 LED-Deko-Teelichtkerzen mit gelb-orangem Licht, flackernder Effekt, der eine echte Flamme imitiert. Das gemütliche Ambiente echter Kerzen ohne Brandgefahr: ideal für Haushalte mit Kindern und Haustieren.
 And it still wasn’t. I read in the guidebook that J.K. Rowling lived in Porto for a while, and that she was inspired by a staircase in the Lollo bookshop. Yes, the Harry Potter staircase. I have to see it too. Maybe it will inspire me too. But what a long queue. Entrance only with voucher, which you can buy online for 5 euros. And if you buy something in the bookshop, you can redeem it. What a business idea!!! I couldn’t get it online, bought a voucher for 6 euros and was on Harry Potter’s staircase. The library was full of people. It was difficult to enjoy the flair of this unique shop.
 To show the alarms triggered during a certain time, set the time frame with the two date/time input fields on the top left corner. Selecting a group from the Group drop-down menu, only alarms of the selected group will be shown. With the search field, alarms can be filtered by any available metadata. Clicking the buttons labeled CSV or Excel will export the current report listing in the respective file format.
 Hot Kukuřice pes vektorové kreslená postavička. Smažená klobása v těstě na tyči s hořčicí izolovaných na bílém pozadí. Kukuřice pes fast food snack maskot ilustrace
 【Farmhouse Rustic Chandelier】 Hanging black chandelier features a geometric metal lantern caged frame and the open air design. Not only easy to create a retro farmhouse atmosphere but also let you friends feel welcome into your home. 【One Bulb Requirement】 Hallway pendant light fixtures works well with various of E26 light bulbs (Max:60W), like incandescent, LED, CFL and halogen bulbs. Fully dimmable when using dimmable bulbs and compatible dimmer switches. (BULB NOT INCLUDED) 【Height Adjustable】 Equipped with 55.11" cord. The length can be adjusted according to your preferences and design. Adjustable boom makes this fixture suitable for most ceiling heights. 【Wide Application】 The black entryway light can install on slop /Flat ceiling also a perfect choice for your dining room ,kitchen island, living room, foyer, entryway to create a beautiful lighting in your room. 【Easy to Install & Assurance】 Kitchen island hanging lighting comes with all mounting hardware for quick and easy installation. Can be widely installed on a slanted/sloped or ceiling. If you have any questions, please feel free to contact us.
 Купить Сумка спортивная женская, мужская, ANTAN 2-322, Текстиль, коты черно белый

-.-.-

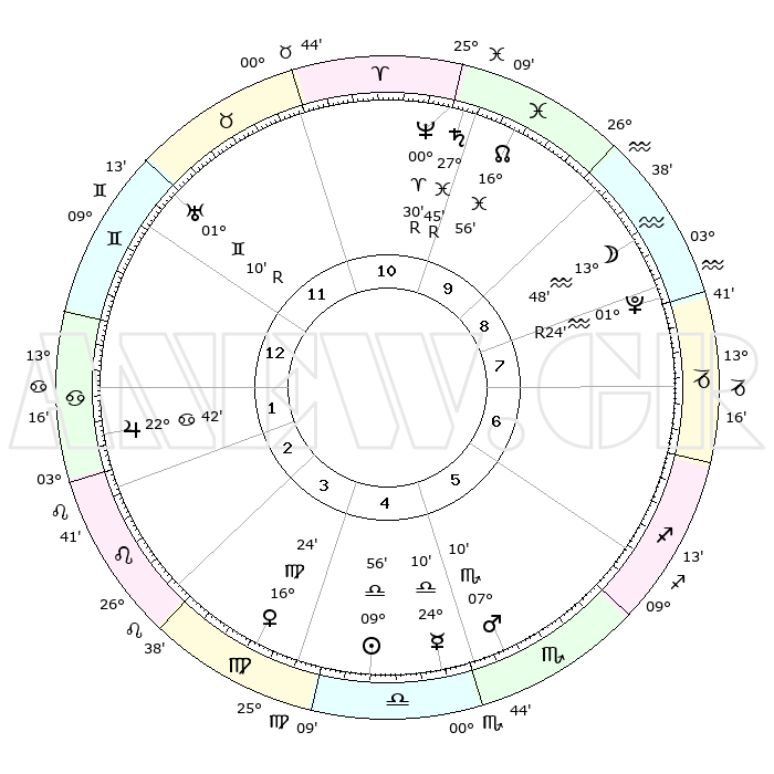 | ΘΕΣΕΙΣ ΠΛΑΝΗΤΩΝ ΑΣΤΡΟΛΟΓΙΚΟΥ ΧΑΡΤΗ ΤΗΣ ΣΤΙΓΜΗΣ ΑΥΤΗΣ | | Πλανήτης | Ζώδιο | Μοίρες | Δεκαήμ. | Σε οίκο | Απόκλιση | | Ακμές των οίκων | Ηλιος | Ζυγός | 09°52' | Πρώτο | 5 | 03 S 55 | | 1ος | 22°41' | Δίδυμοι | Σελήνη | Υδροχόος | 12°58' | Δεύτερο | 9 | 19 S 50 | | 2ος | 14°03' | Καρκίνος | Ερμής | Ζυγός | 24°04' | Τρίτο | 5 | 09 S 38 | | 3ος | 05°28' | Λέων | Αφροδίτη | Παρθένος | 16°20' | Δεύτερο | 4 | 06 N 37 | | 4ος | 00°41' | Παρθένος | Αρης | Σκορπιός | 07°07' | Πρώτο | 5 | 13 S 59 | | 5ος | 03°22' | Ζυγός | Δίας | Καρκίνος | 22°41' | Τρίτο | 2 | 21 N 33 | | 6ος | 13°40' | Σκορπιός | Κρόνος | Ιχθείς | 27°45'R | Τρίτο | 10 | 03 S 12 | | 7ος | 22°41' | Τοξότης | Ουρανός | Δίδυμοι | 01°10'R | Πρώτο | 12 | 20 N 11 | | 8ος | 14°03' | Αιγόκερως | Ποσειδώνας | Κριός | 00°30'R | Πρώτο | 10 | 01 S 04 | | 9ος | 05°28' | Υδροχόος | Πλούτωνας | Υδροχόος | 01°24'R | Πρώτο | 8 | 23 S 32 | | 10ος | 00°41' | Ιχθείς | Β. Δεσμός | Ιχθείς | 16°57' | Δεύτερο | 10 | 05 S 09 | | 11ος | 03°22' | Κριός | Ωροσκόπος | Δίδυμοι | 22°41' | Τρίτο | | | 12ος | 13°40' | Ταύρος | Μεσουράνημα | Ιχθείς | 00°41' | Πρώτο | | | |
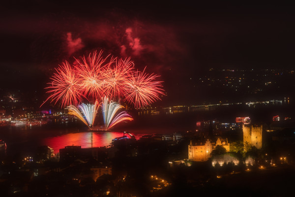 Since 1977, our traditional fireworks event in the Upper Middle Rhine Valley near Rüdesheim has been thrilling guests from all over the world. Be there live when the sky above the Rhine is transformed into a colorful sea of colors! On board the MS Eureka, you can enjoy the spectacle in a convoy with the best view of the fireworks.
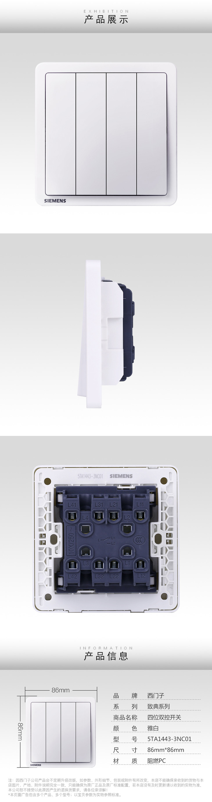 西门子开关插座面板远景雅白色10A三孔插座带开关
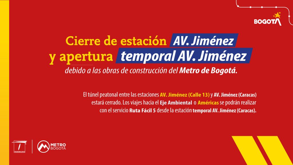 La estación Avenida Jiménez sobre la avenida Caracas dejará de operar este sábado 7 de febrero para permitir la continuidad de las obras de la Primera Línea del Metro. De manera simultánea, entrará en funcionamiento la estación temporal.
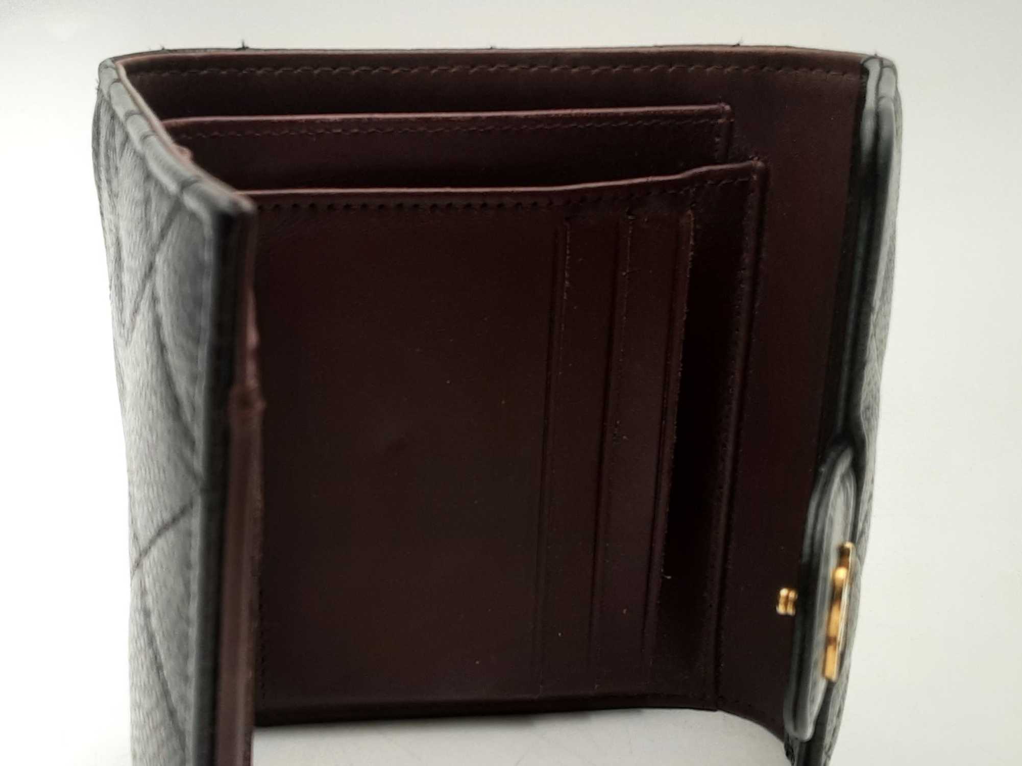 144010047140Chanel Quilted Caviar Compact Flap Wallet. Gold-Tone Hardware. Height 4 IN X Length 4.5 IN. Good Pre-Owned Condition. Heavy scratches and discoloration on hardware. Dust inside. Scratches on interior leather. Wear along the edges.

-.-.-

■ What the task asks: Write down again, exactly as given, only the lines above that fall from the line with "To show the" to the line with "Hot Kukuřice pes", inclusive.

■ Response for this exercise:
 To show the alarms triggered during a certain time, set the time frame with the two date/time input fields on the top left corner. Selecting a group from the Group drop-down menu, only alarms of the selected group will be shown. With the search field, alarms can be filtered by any available metadata. Clicking the buttons labeled CSV or Excel will export the current report listing in the respective file format.
 Hot Kukuřice pes vektorové kreslená postavička. Smažená klobása v těstě na tyči s hořčicí izolovaných na bílém pozadí. Kukuřice pes fast food snack maskot ilustrace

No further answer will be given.